Many of the twitter YIMBYs I'm vaguely aware of tend to be neoliberal/market-leaning, and they're generally supportive of 'mixed use development', i.e. being allowed to run small-scale businesses in residential areas (or build homes in business areas). IT's claimed to revitalize neighborhoods, lead to local businesses you can walk to and socialize around.

The idea of trying to hide and defending ones farm is one of the worst ideas in the American right. Chicago has African levels of murder and the people who built it vote democrat and have BLM profiles on their linkedin since they isolated themselves in suburbia. This is the same mistake the French elite made by moving to Versailles. If you isolate yourself from society, cohesion will plummet. If people don't interact there is no understanding left. This will rip society apart and create a soulless city. American cities tend to lack public spaces, life on the streets and genuine culture and instead have stroads and strip malls. A walkable mixed use development is much more likely to have a living culture with less fat people and a stronger identity as people actually interact with each other and have chances to form a collective identity. If you are nothing but an atomized consumer isolated from the others, bringing in cheap foreign labour seems much more appealing than if they have to live next door.
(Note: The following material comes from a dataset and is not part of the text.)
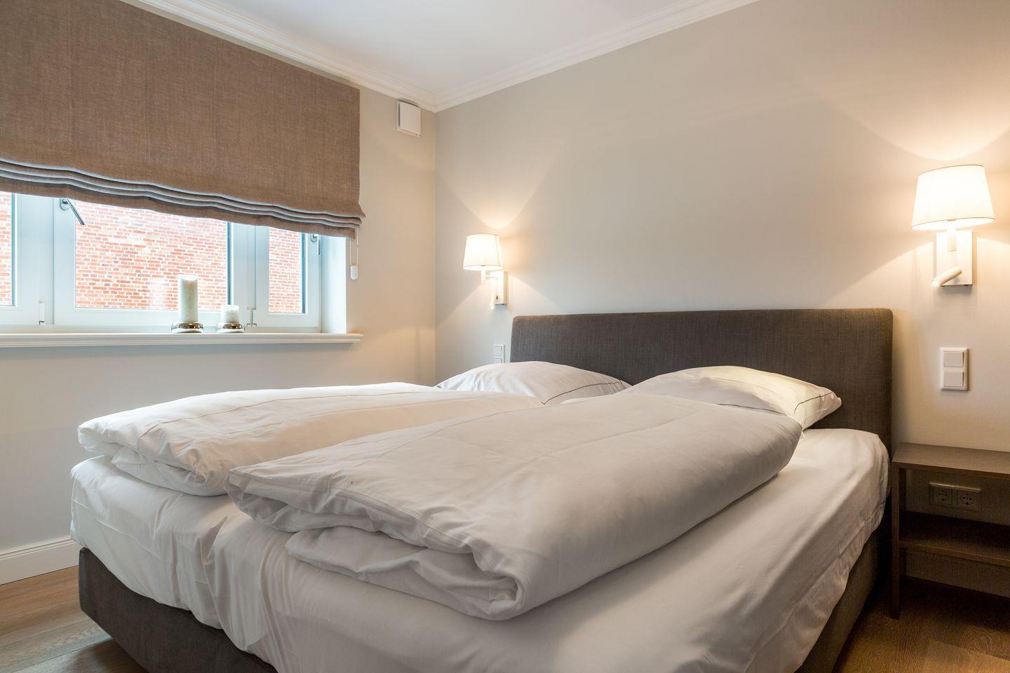 Ausstattung: 2-Raum Domizil im Obergeschoss mit ca. 47qm² Nutzfläche, ein Wohnraum mit Flatscreen-TV, Schlafcouch und integrierter Küche mit Cerankochfeld, Mikrowelle und Geschirrspüler, 1 Schlafraum mit Doppelbett (180x200cm-Matratzen getrennt) und ein Bad mit Dusche/WC

A healthy society should be one large community in which different classes play different roles but fundamentally are one team. How are people going to identify with each other if they live in isolated enclaves? The goal should be to maximize skin in the game as people climb the social ladder. Greek and Roman aristocrats went into battle first, the same should apply today with the added requirement that they use public transit and drink tap water. Low skin in the game for the top is a dangerous direction for a society to wander.

American sprawling cities are the most woke and most pro multicultural places on Earth. Even places in Europe that are considered multicultural are as white as Boston. The idea that suburbia would lead to a better society for right wing people seems to be empirically false. It seems to lead to generic urban sprawl in which the top third is isolated from the rest of the society and slowly loses its connection to the rest.

I agree that outer-ring suburbs are about the worst in terms of optimizing atomic quality of life vs. community, but you seem to completely exclude the existence of small towns, which seem to me to offer superior sense of community along with low cost of living and the most egalitarian of lifestyles (due largely to the lack of high-end amenities, granted.) The main downside is lack of economic opportunity, but there's no inherent reason we couldn't make that a social priority as opposed to densification.

For what it's worth, my choice was already a unit in a multifamily dwelling in a relatively dense area of the city (although Madison is not an especially dense city as a whole. My preferred style of living are places like the row homes in Alexandria. I agree completely with preferring an interconnected community, walkability, bikeability, and a firm sense of city identity as important. I'm not interested in Retvrn-style politics of retreat, I'm interested in asserting the legitimacy of communities being able to say no to larger, non-local governments imposing deterioration on them in a way that no should accept for their neighborhood. I just have no particular desire to impose this preference on suburbanites - if they don't want this in their backyard, they get to say no, and that's fine.